We are pleased to present this special issue of International Transactions in Operational Research, which showcases the latest advancements in metaheuristics, as presented at the Metaheuristics International Conference (MIC 2022). This conference was held in the beautiful city of Syracuse, in Sicily, Italy, on July 11–14, 2022. The collection of papers in this issue reflects the breadth and depth of current research efforts, demonstrating both algorithmic innovation and practical applications.
This volume consists of ten papers, some of which were presented at the conference and some that were not. Together, they represent a significant contribution to the field of metaheuristics and operational research.

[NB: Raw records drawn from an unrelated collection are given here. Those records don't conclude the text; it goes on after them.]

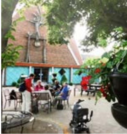
The venue not far from the theatre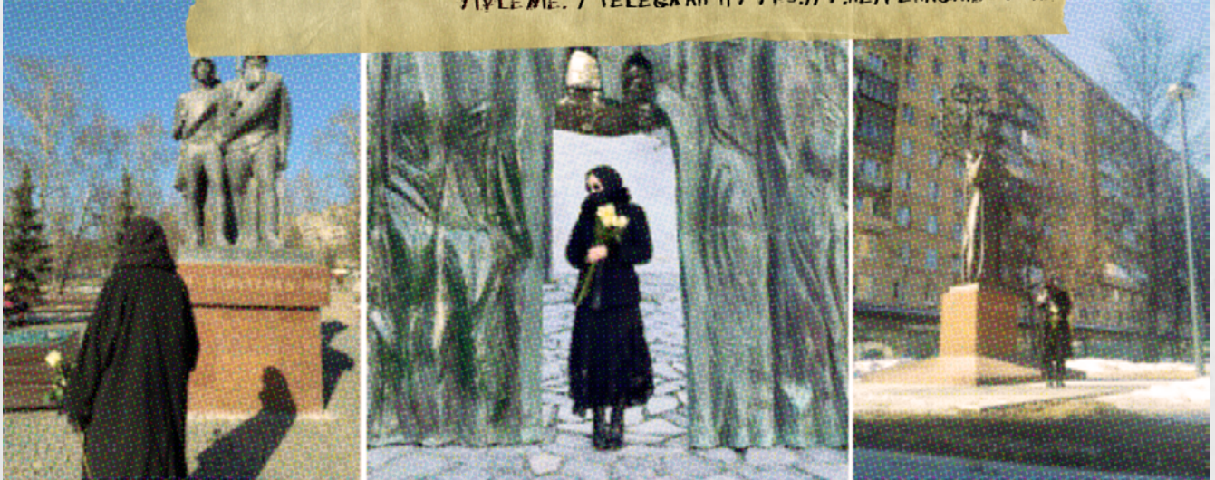
FIG. 2. RUSSIA 2022.

Nowadays, the silent action is directed against the war in Ukraine, as well as to mourn the victims of this horror (fig. 2). As the 'FAS' source instructs,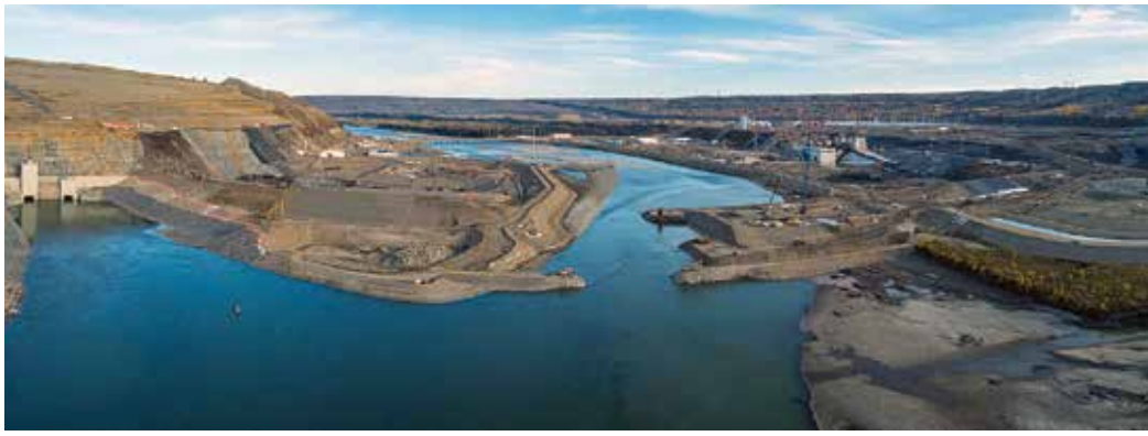
The Peace River continues to flow down the main river channel as well as through the open diversion tunnels as the rockfill berm nears completion. (October 2020)

women and other traditionally underrepresented groups receive priority access to employment and training opportunities at BCIB.

The papers cover a wide range of topics, including advances in quantum-inspired optimization, hybrid approaches for healthcare logistics, and bi-objective job shop scheduling with energy constraints. Other contributions focus on enhancing local search algorithms within the MOEA/D framework, applying adaptive iterated local search to location problems, and addressing the multi-objective traveling salesman–repairman problem with profits.
Further contributions explore iterated greedy algorithms for the obnoxious p-median problem, comparing QUBO models for quantum annealing, variable neighborhood search methodologies for the median location problem, and metaheuristics for flexible flow-shop scheduling with s-batching machines.
This special issue represents a significant contribution to the field of metaheuristics and operational research. We hope that the insights and innovations presented herein will inspire further research and development, driving advancements in both theory and practice.
We extend our gratitude to the authors for their outstanding contributions and to the reviewers for their meticulous evaluations. Together, they have ensured the high quality of this special issue.